L’objectif n’est plus seulement de vérifier qu’un module a été terminé, mais d’identifier si les notions importantes sont réellement maîtrisées.
Les équipes L&D peuvent ainsi suivre :
- le pourcentage de collaborateurs ayant atteint un niveau cible,
- les compétences encore fragiles,
- ou les écarts de maîtrise entre populations.
Mesurer la progression d’un comportement dans le temps
Les dispositifs d’entraînements coachés par IA permettent également d’observer l’évolution concrète de certains comportements professionnels :
- qualité des réponses,
- posture relationnelle,
- gestion des objections,
- structure d’un échange,
- capacité de reformuler un besoin,
- qualité de l’argumentation…
La logique change alors complètement. On ne cherche plus uniquement à savoir si une personne a suivi une formation, mais si elle progresse réellement après plusieurs entraînements et feedbacks successifs.
Mesurer la capacité à agir en situation
Les simulations permettent désormais d’évaluer si un collaborateur est réellement prêt à faire face à une situation métier.
Cette approche est particulièrement utile dans des contextes où la performance dépend fortement de la capacité à agir sous contrainte :
- relation client,
- vente,
- management,
- négociation,
- conformité,
- gestion de situations sensibles…
Certaines organisations suivent désormais un “Readiness Rate” : le pourcentage de collaborateurs considérés comme opérationnels après des mises en situation simulées.
Mesurer l’apprentissage directement dans l’action
Les nouveaux dispositifs de coaching embarqué permettent également d’accompagner les collaborateurs directement au moment où une difficulté apparaît.
Le learning ne se limite alors plus à des temps de formation identifiés. Il devient un support opérationnel mobilisable dans l’action.
Certaines organisations commencent ainsi à suivre :
- le nombre de situations résolues grâce à un coach expert,
- les demandes d’assistance réalisées en contexte réel,
- ou encore les problèmes corrigés directement pendant l’activité.
Le learning se rapproche alors beaucoup plus directement des enjeux opérationnels quotidiens.

Ce que ces nouveaux indicateurs changent pour les équipes L&D
Ces nouveaux indicateurs ne changent pas uniquement la manière de mesurer les formations.
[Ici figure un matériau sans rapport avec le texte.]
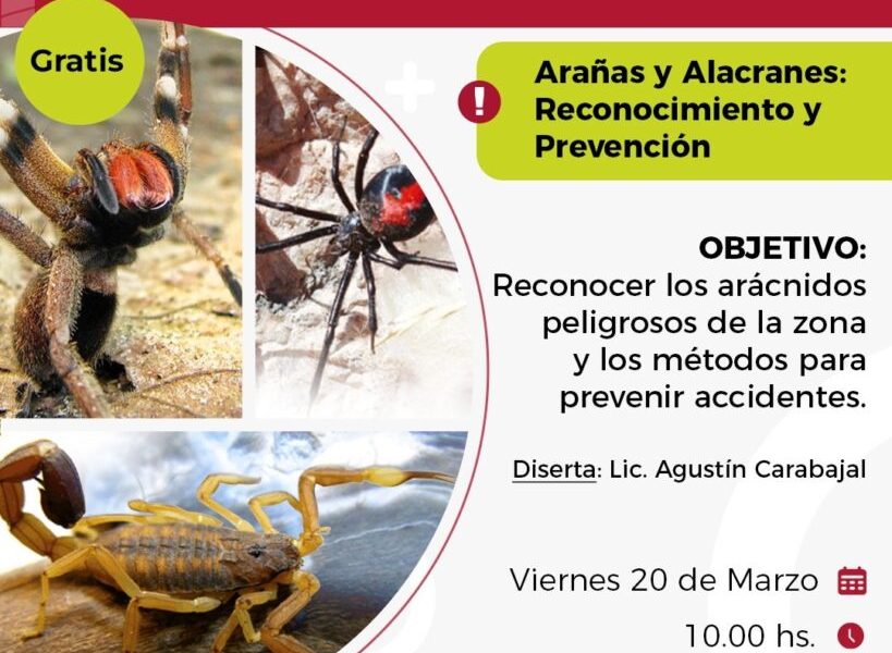 El encuentro, estará a cargo del Lic. Agustín Carabajal quien brindará información sobre las principales especies consideradas peligrosas presentes en la zona, cómo identificarlas, cuáles son sus hábitos y qué medidas de prevención se deben tomar para evitar accidentes, como ejemplo arañas y alacranes, realizando un reconocimiento y prevención.
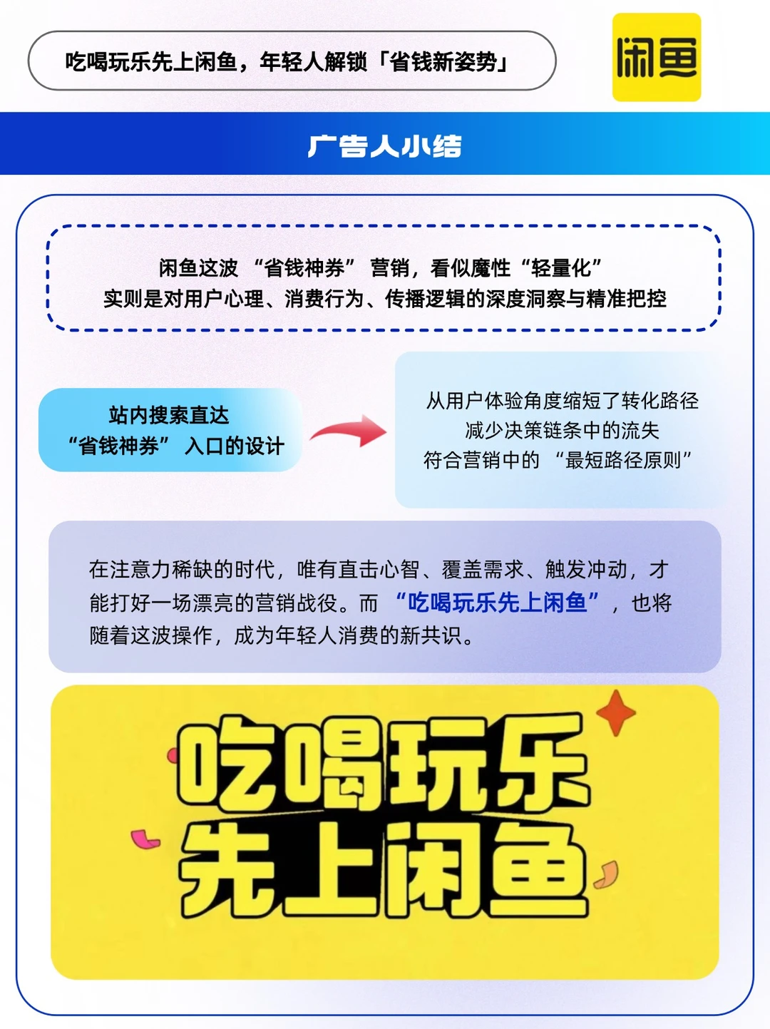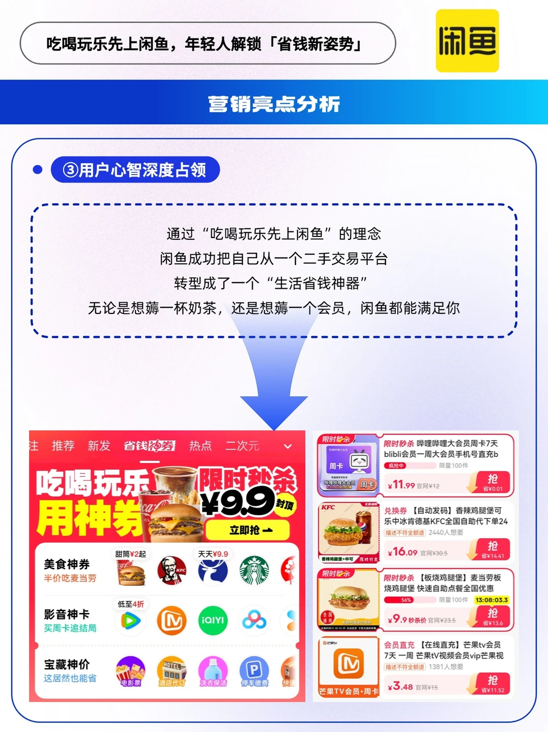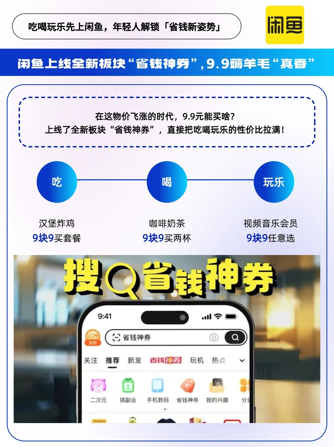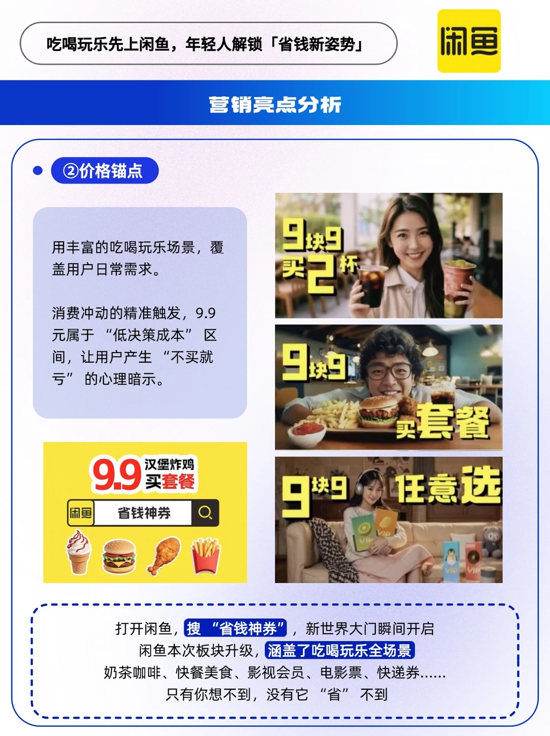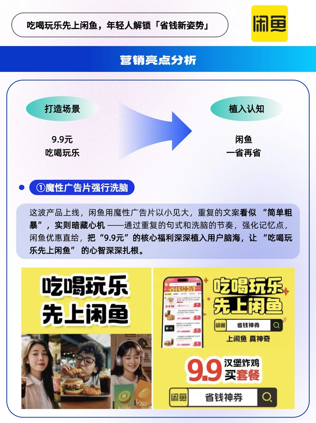 - 在这个万物皆可卷的时代, 闲鱼又双叒卷起来了, 它上线了全新板块“省钱神券”, 直接把吃喝玩乐的性价比拉满![喝奶茶R] 汉堡炸鸡、咖啡奶茶、影视会员、电影票……全都能用9.9元搞定! 这波操作不仅让人直呼“真香”,还让人忍不住想问:闲鱼到底还有什么是不能省钱的?![doge] 🔵这波产品上线,闲鱼用魔性广告片以小见大,重复的文案看似 “简单粗暴”,实则暗藏心机 ——通过重复的句式和洗脑的节奏,强化记忆点,闲鱼优惠直给,把“9.9元”的核心福利深深植入用户脑海,让 “吃喝玩乐先上闲鱼” 的心智深深扎根。 打造场景(9.9元吃喝玩乐) ⬇️⬇️⬇️ 植入认知(闲鱼一省再省) 花小钱,享大快乐 “吃喝玩乐先上闲鱼” 这波我先冲了~[得意R]
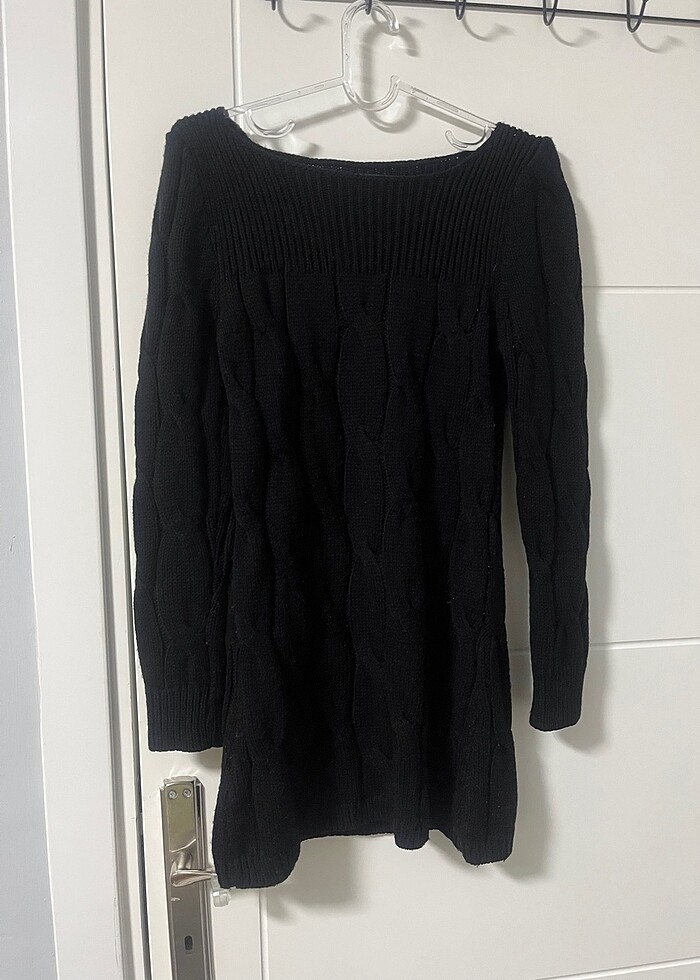 Geniş kesim kayık yaka şık ve rahat kazak dilerseniz çorap üstüne elbise olarak da kullanabilirsiniz boy omuzdan 75 cm iki kol arası 28 cm #kazak #siyahkazak #örgüdesenkazak
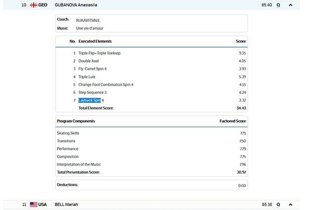 ბარემ, აქვე გეტყვით, რომ გუბანოვამ, ევროპელებიდან წინ მხოლოდ 3 რუსი და ერთი ბელგიელი გადაუშვა. მოკლე პროგრამის შემდეგ კი, პირველ ათეულში 3 რუსი, 2 იაპონელი, 2 კორეელი, 1 ბელგიელი და 1 ამერიკელი მოციგურავეები შევდინენ. კიდევ ერთი ამერიკელი, ანასტასიას „ზურგში სუნთქვს", მე-11 ადგილზე. საქართველოს წარმომადგენელმა მოკლე პროგრამაში 65.40 ქულა დააგროვა (ტექკნიკური ელემენტებისთვის 34.43, კომპონენტებისთვის 30.97), რაც თავის საუკეთესო შედეგზე 69.50 ქულაზე ოდნავ ნაკლებია, თუმცა, ოლიმპიურ თამაშებზე, მსაჯებიც ცოტა უფრო მკაცრები არიან.
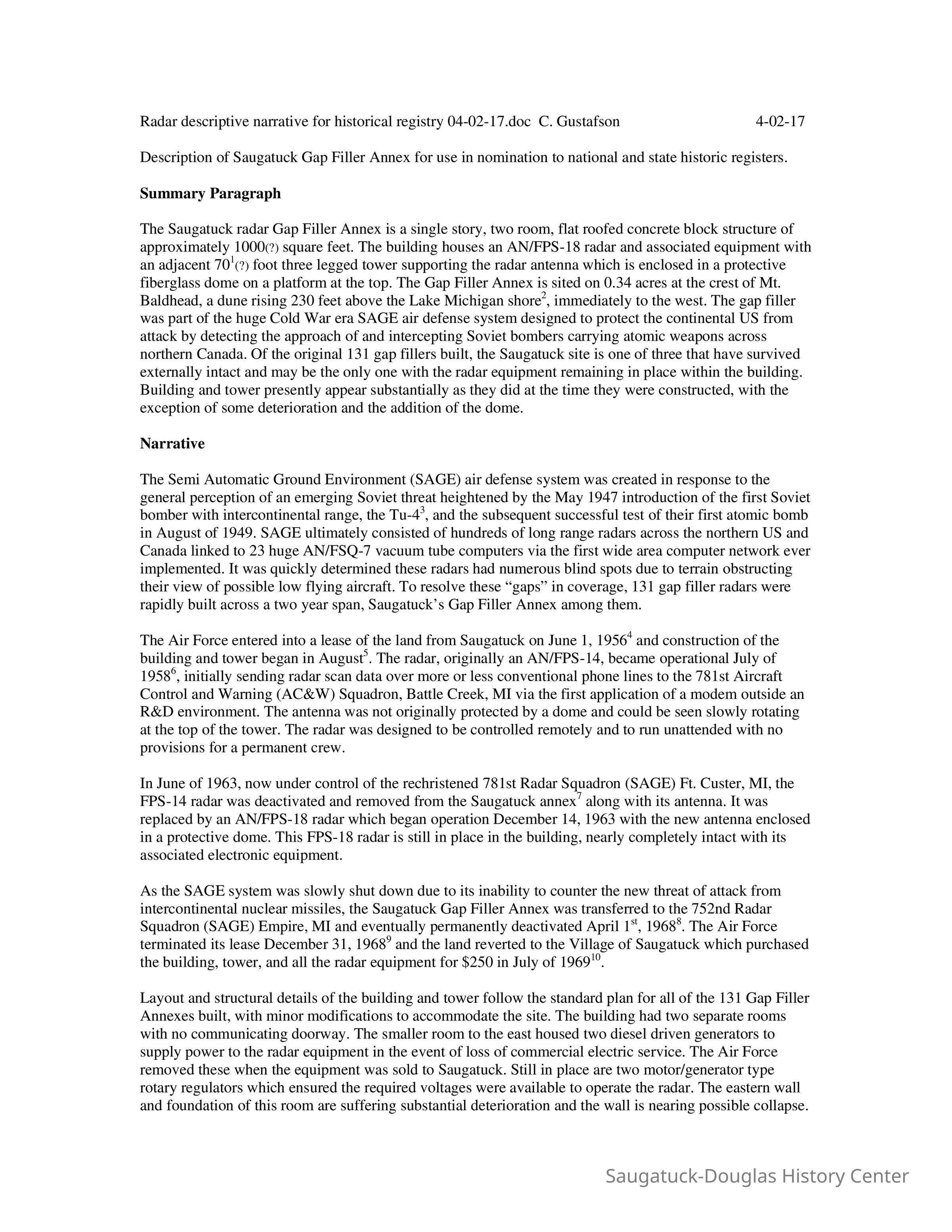 The module is a part of the FST-1 Coordinate Data Transmitter that sent the radar data from the Mt. Baldhead Gap Filler Radar Station down phone lines to the Fort Custer Direction Center in Battle Creek. The module was part of the first radar digital signal processing unit and first modem used in an actual application. From the radar cabinet panel from the SDHC Cold War/Hot Towns exhibit (2017-18): "This FST-1 power supply cabinet was removed from the Mt. Baldhead Gap Filler Radar Annex in the 1980s. It includes components from the AN/FST-1 Coordinate Data Transmitter. The FST-1 sorted radar data to distinguish legitimate targets and transmitted the radar data down telephone lines in the first-ever use of a modem outside a research environment. The heart of the AN/FST-1 was a RCA 6499 Radechon barrier grid tube, a state-of-the-art memory device which, like the modem, was made available mere months before deployment in the FST-1."
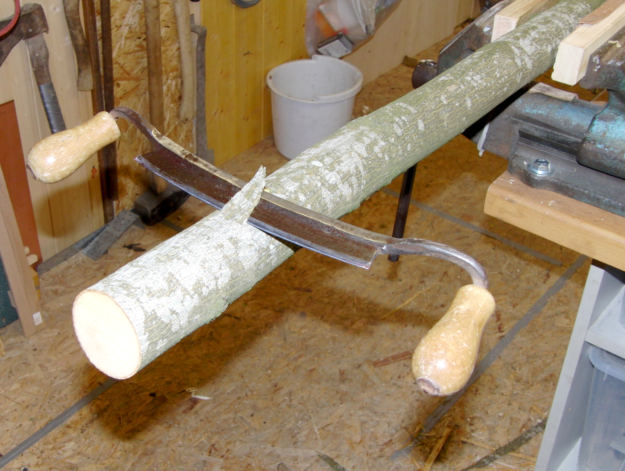 Mit einem Ziehmesser habe ich den Kandidaten am Bauch reduziert

Ils transforment progressivement le rôle des équipes Learning & Development dans les organisations.
Passer du pilotage des parcours au pilotage des compétences
Comme nous venons de le voir, les équipes Learning peuvent désormais identifier :
- les compétences réellement maîtrisées,
- les situations qui posent problème,
- les comportements qui progressent,
- ou les populations nécessitant davantage d’accompagnement.
Le rôle du L&D évolue alors progressivement d’une logique de production de contenus vers une logique de pilotage des compétences et de la performance terrain.
Donner aux managers des données réellement actionnables
Ces nouvelles données permettent également aux équipes L&D de devenir des partenaires beaucoup plus utiles pour les managers et les métiers.
Elles peuvent aider à identifier les points de blocage, prioriser les besoins d’accompagnement, cibler les entraînements nécessaires, ou encore suivre l’évolution réelle des équipes dans le temps.
Le learning ne se limite plus à proposer des formations. Il devient un levier d’aide à la décision et d’accompagnement de la performance.
Faire évoluer le L&D vers un rôle plus stratégique
À mesure que les entreprises cherchent à accélérer leur montée en compétence et à démontrer davantage d’impact opérationnel, les équipes L&D sont appelées à jouer un rôle de plus en plus stratégique.
Le sujet n’est plus uniquement de diffuser des contenus à grande échelle. Il devient d’identifier les compétences critiques, d’aider les métiers à progresser plus rapidement, et de démontrer une contribution concrète à la performance.
Le L&D évolue alors progressivement d’une fonction de gestion de la formation vers un véritable partenaire des métiers et de la transformation des organisations.